Incriminating testimonies of eyewitnesses reach us through the thickness of years. Witness Pashkevich: “The Germans brutally tortured the 16-year-old girl Emelyanovich, who was beaten with sticks until they killed her”. Witness Ponchelyakh: “In the village of Survilishki, 7 people were killed together with the priest of the local church, who was mutilated all over his face”. Witness Zavadsky: “Citizen Kholko was hung up by the Germans by his feet, then thrown into the fire, his face was all distorted.”…
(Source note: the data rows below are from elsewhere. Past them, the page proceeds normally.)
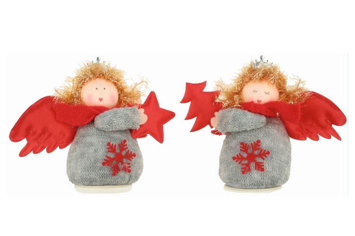 Anděl pletený červenošedý na postavení 12cm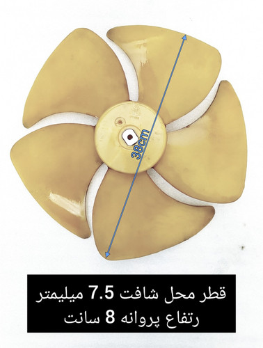 پروانه فن کندانسور کولر اسپلیت قطر 38 سانت قطر محل شافت 7.5 میلیمتر الجی 36 هزارناموجود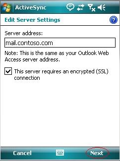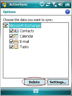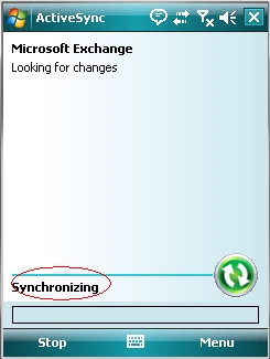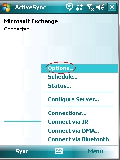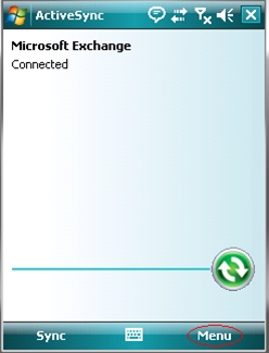 2. In ActiveSync select the Menu button at the bottom right corner.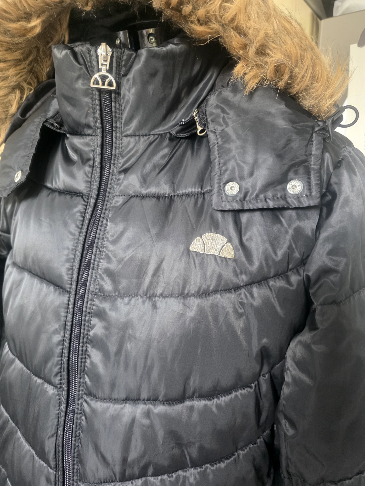 This coat combines comfort, functionality, and a touch of graphic flair to elevate your wardrobe. UK L PIT-PIT 20" LENGTH 28" Crafted with a sleek black outer shell, this coat exudes a timeless and versatile look that effortlessly pairs with any outfit. The long sleeves provide extra coverage and warmth, while the zip-up front allows for easy on and off. Featuring a graphic design on the front, this coat adds a unique and eye-catching element to your ensemble. The hood offers added protection against the elements, shielding you from wind and rain while adding a sporty touch to your overall look. Made with high-quality materials, this coat is designed to keep you cozy and comfortable throughout the colder seasons. The long length provides extra insulation, keeping you warm even in chilly conditions. The adjustable drawstring at the waist allows you to customize the fit and accentuate your figure. With its practical design, this coat offers ample storage space with two side pockets, perfect for keeping your essentials close at hand. Whether you're heading out for a casual outing or braving the winter weather, this hooded coat provides both style and functionality.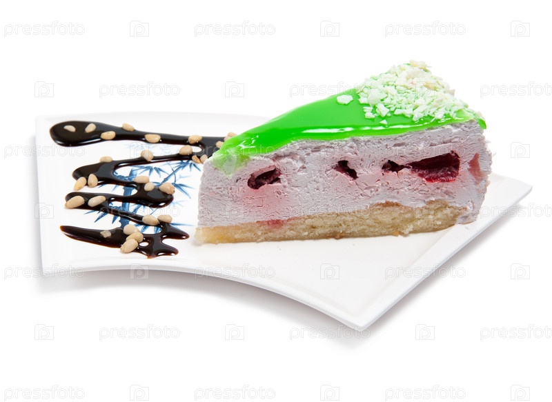 Кусок йогуртового торта на тарелке

Monument to the pupils of the Dyatlovo orphanage,
shot by the occupiers during the war
There are dozens of such stories in a huge collection of documents. As well as the testimony of people who participated in the investigation of these crimes. They must have heard enough of this and seen enough that they are clearly trying to maintain impassivity in their reports so as not to give vent to emotions. Here, for example, is what Deputy Chairman of the Grodno City Executive Committee A. A. Vladykin writes to the Grodno Extraordinary State Commission, “The first to be shot in Naumovichi Fort No. 2 were 7 prisoners of war. Then mass shootings began. They brought several cars in the morning and shot them until the evening. Once they brought 25 nuns from Novogrudok. Then somehow they shot 25 hostages from the residents of Grodno: professors, priests and doctors. They shot they like this: they lead them to the pit, shoot them in the back of the head, and the man falls into the pit. One row appears, they sprinkle it with something, put the second, and so on, until the pit is filled. Then they slightly cover it with soil, so that in winter the wolves gnawed at the corpses. Once women from the village of Naumovka heard voices from under the ground…”
Each volume of the collection contains many similar documents. But even one book allows one to understand how immeasurable was the scale of the Nazi atrocities. 


Reference
A large team of historians, archivists and scientists from Belarus and Russia worked on the No Statute of Limitations. Belarus series. The group of compilers was headed by the Director of the National Archives of the Republic of Belarus Vyacheslav Selemenev and Alexander Dyukov, the Director of the Russian Historical Memory Foundation. The publication contains materials provided by the Department of Archives and Records Management of Justice Ministry, the National Archives, the Belarusian State Archive of Film and Photo Documents, the Central Archives of the Committee for State Security, the State Archive of the Russian Federation, and the Association of Historians of the Union State. In fact, the multi-volume edition is an allied initiative of memory and consent.

Now on the territory of the Grodno Region there are more than 200 only certified burial places where civilians of the Grodno Region killed by Nazi executioners are buried.